Starting the Process

If your parents (or you, if you are a parent yourself or what colleges so touchingly refer to as a “nontraditional” student) filled out FAFSAs when they went to college, they probably still have nightmares about those multipage blue and white forms that never seem to end. The bad news is that the FAFSA is no shorter today — in fact, with all the Patriot Act stuff, it may be longer than it was a decade or so ago. More positively, though, it is available online, and you can save it as you go. This means that if you need to take a break to dig up some information or stare out at a bird in a tree, you can do so without losing all your work. To begin the FAFSA, visit www.FAFSA.ed.gov and follow the link on the “Start a New Application” button.

If this is your first experience with the FAFSA, pay attention to the questions being asked and the information required. The information gathered from the FAFSA will be used to calculate the Expected Family Contribution (EFC) to your education. This figure is the foundation of what colleges use to decide how much they think you should pay out of pocket and how much aid you should be offered. The assets that are asked about on the FAFSA are given different weights in calculating the EFC. For example, checking and savings accounts or custodial accounts in the name of the student will be counted much more heavily “against” the EFC (i.e. you will be expected to pay more from such accounts) than if the same assets were held in the name of a parent or grandparent.
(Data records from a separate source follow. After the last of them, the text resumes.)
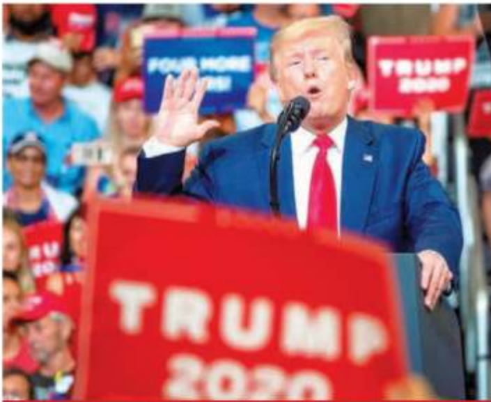
El presidente de Estados Unidos, Donald Trump, al iniciar ayer en Orlando, Florida, su campaña para buscar la reelección en 2020.

Trump inicia campaña de reelección con ataques a demócratas y migrantes
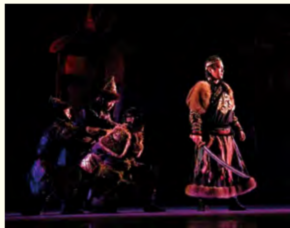
原创民族话剧《英雄·江格尔》演出现场
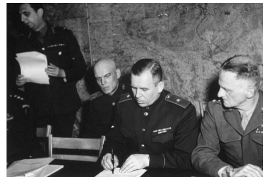
Генерал-майор И.А. Суслопаров подписывает акт о капитуляции Германии в Реймсе 7 мая 1945 года

Первая капитуляция была подписана 7 мая в заштатном французском городе Реймсе. От лица Третьего рейха свою подпись под документом поставил начальник оперативного штаба Верховного командования вермахта генерал-полковник Альфред Йодль. От англо-американской стороны подписывал акт о капитуляции генерал-лейтенант армии США, начальник Главного штаба Союзных экспедиционных сил Уолтер Беделл Смит. А с нашей привлекли для этого малоизвестного второстепенного генерала Ивана Суслопарова* (* - советского военного атташе во Франции). Представитель французского военного руководства подписал акт в качестве свидетеля. Документ был составлен на английском языке, и только английский текст признан официальным.
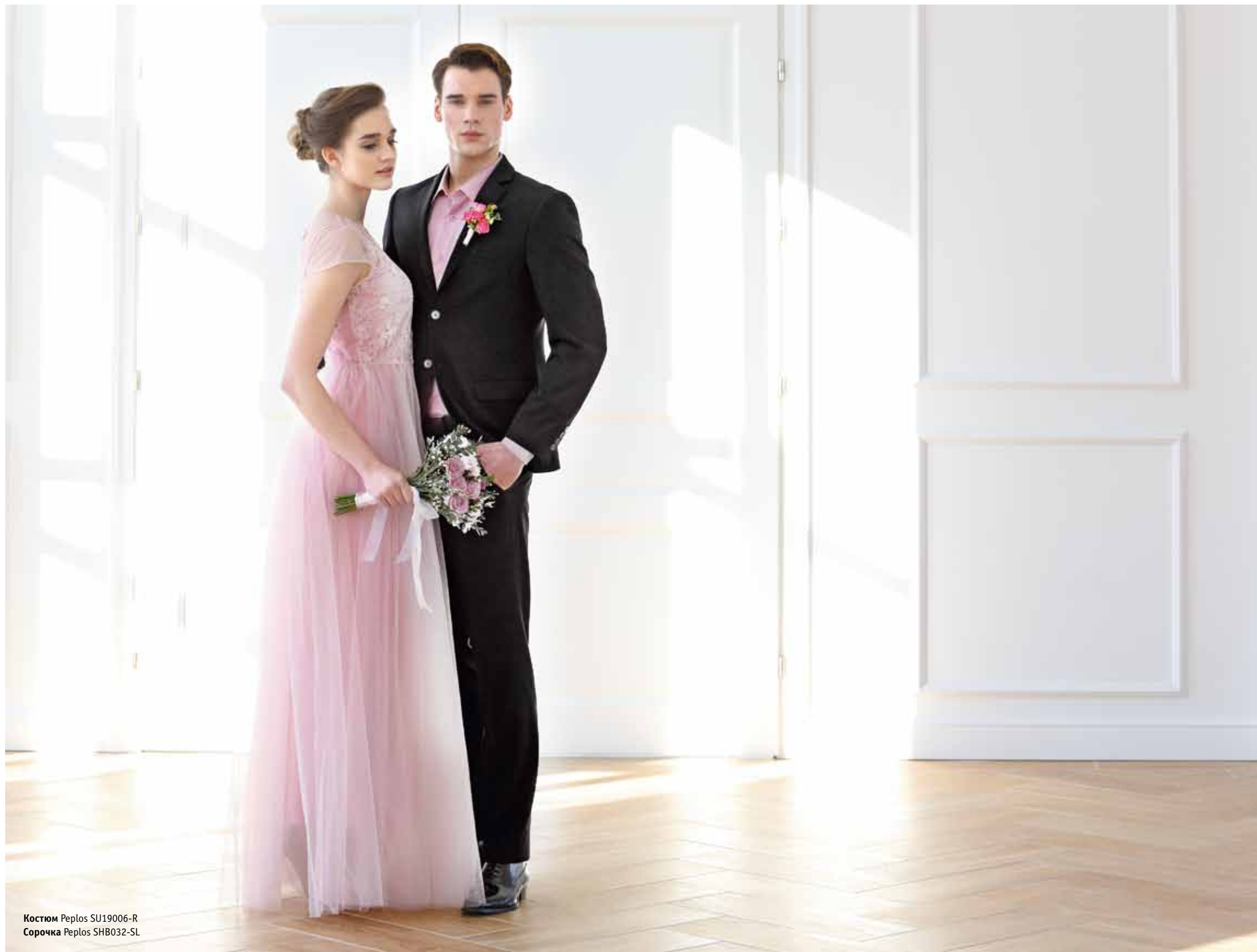
Костюм Peplos SU19006-R Сорочка Peplos SHB032-SL
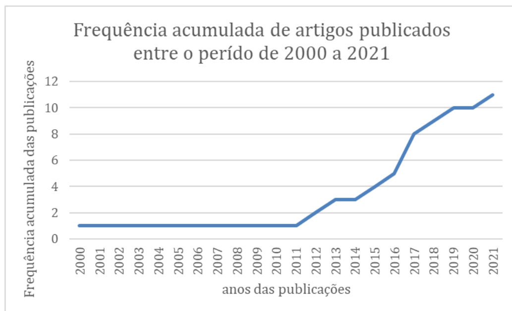
Figura 2 - frequência acumulada de artigos publicados entre 2000 e 2021.

Quanto as universidades envolvidas nas publicações temos o seguinte: Universidade Federal do Rio Grande do Sul, Universidade Federal de Santa Maria, Universidade Federal do Pará, Centro Universitário Metodista, Universidade Federal do Paraná, Pontifícia Universidade Católica do Rio de Janeiro, Universidade do Rio Grande do Norte, Universidade Federal da Bahia, Universidade de São João Del Rei, Universidade Federal de Pernambuco, Universidade Federal de Alagoas, Instituto Social Parceiros do Amanhã e Centro Universitário Christus. É interessante notar que cinco dessas universidades estão localizadas na região Nordeste do país, uma na região Norte, três na região Sudeste e quatro na região Sul e nenhuma está localizada na região Centro-Oeste.
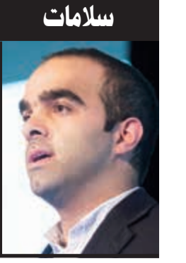
سلامات د. يوسف أحمد شمس الدين المملكة المتحدة دكتوراه في علم الأدوية -
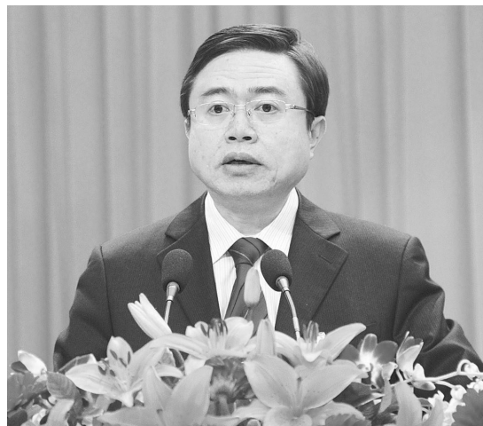
陈越良作政府工作报告

在开启国际化区域性生态城市建设,共创雅安发展新辉煌的重要时刻,备受150多万人民期盼的雅安市第三届人民代表大会第一次会议于1月31日上午在市体育馆隆重开幕。
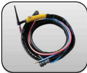
تورچ هوا خنک یا آب خنک Air cooled or water cooled Torch
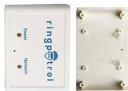
HOT MELT TREATMENT
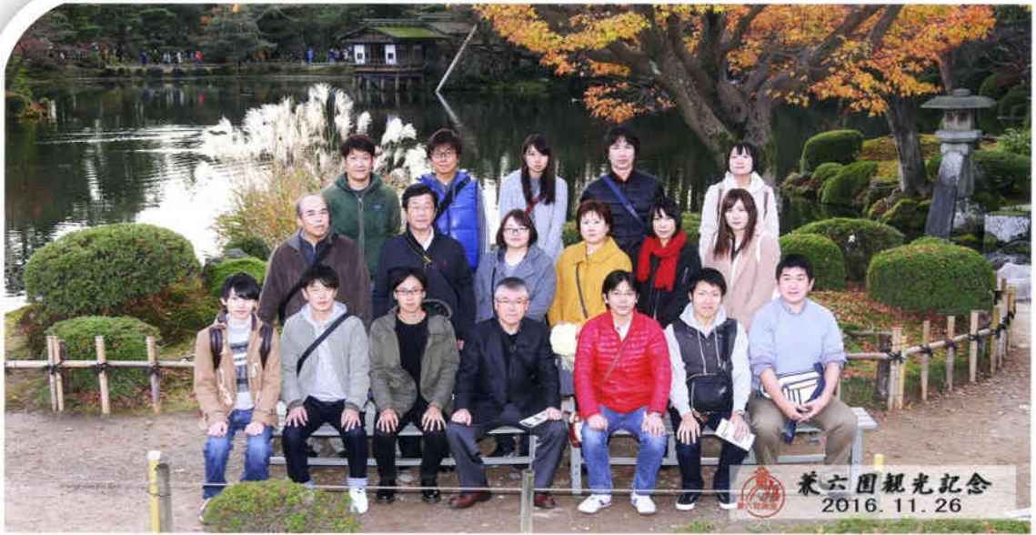
株式会社エスカム 社員旅行

Tax year 2012 is in the books and there is not much you can do about your income or assets for the past year. However, you can use your experience with this year’s FAFSA as a learning opportunity. Take note of what you listed and disclosed and do some research on this and other sites (like FinAid) about how your assets and their characterization can serve to increase or decrease financial aid eligibility. Talk to your financial planner (but not necessarily anyone who charges to dole out financial aid-specific advice, as such advice is typically redundant to typical financial planning and represents an additional set of funds that won’t be used to pay for college) before you do anything to liquidate or recharacterize your assets, as sometimes the tax hit or costs involved are not worth the potential increase in aid eligibility.

Regardless of your current financial situation, if you think you will need financial aid for the 2013-2014 academic year, fill out your FAFSA now.